Shepard Fairey's Sell Out is Complete
“Some people might think it could be making fun of what’s going on right now,” Shepard Fairey told the New York Times last week. “But I think most people are sophisticated enough to realize it’s a way of grabbing attention. It’s commerce. I don’t think there is really any political statement embedded in this.”
He was talking about his new shopping bag designs for Saks Fifth Avenue, the luxury department store that has suffered steep drops in holiday sales despite its steep drops in prices.
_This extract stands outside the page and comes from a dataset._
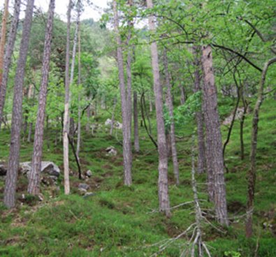 - Wälder in felsigen, seichtgründigen oder schroffen Lagen, wenn ihre Wiederbewaldung nur unter schwierigen Bedingungen möglich ist,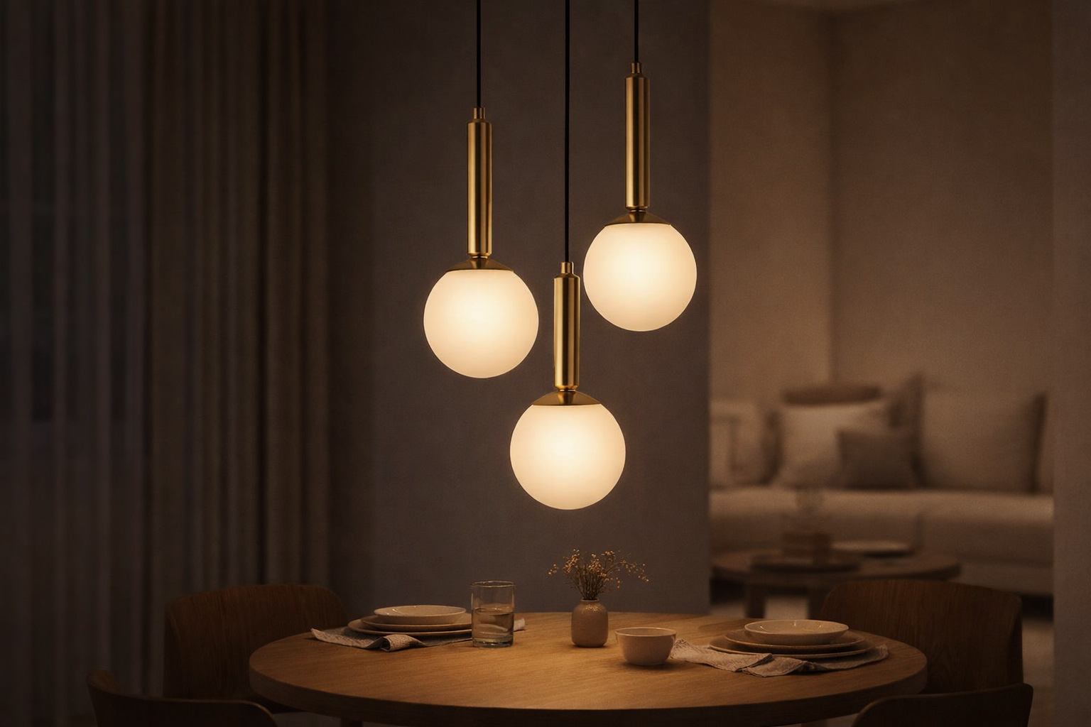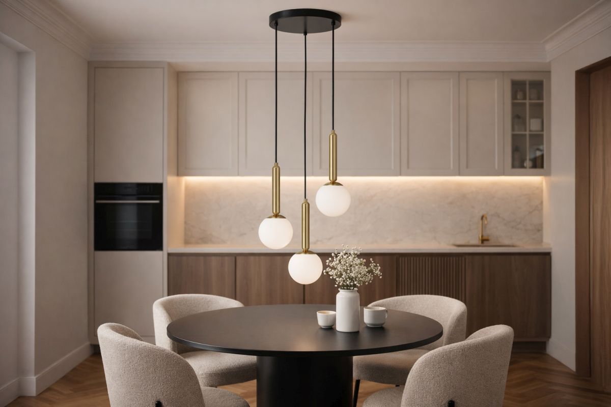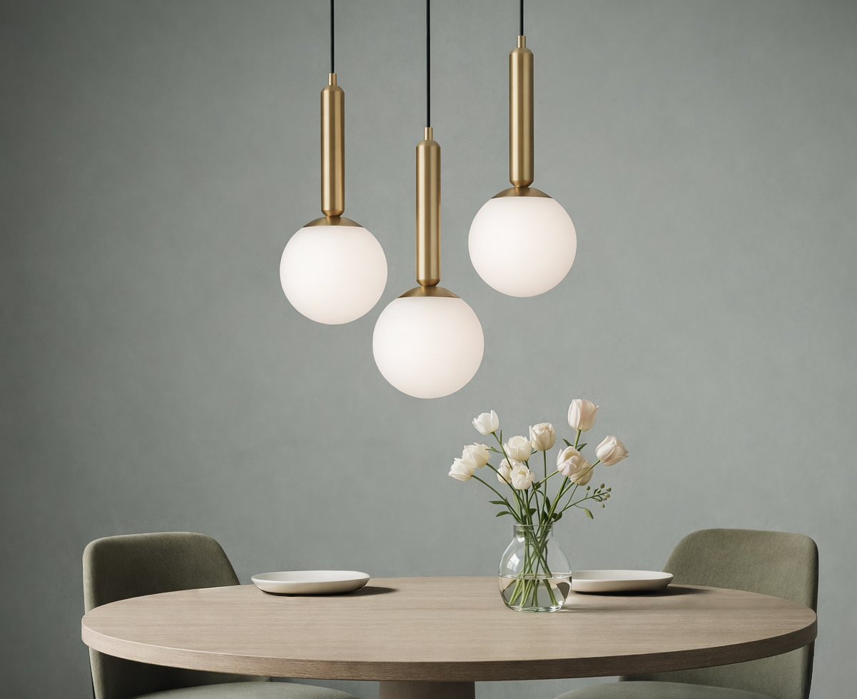 Trzy kuliste, białe klosze wypuszczone z okrągłej podsufitki tworzą kompozycję idealnie dopasowaną do centralnych układów – dokładnie tam, gdzie klasyczne lampy sufitowe do salonu często zawodzą. W praktyce? Wyobraź sobie wieczór przy okrągłym stole – światło rozchodzi się równomiernie, każdy ma komfort widzenia, a całość wygląda po prostu… dobrze. Bez cieni, bez chaosu, bez wrażenia niedoświetlenia. To właśnie robi dobrze zaprojektowana lampa wisząca do jadalni.

Appropriating Soviet iconography to sell handbags? Repurposing communist imagery for capitalism? Selling your own artistic style for advertising? Nah, no one would think that Fairey is doing anything political. What he's doing is eroding his credibility as a political artist and in the process diminishing the meaning of his now famous Obama poster.
“What we do every day, really, is propaganda,” said Saks' marketing head Terron Schaefer told the Times. True, and we expect this from Saks.
But to think that the guy who made his name with posters of Subcomandante Marcos (and giving the proceeds to the Zapatistas) and other lefty causes would use the same style for luxury department store propaganda is too much.
"It's not like I'm just jumping on some cool rebel cause for the sake of exploiting it for profit," Fairey told Mother Jones in an interview last March. Aha!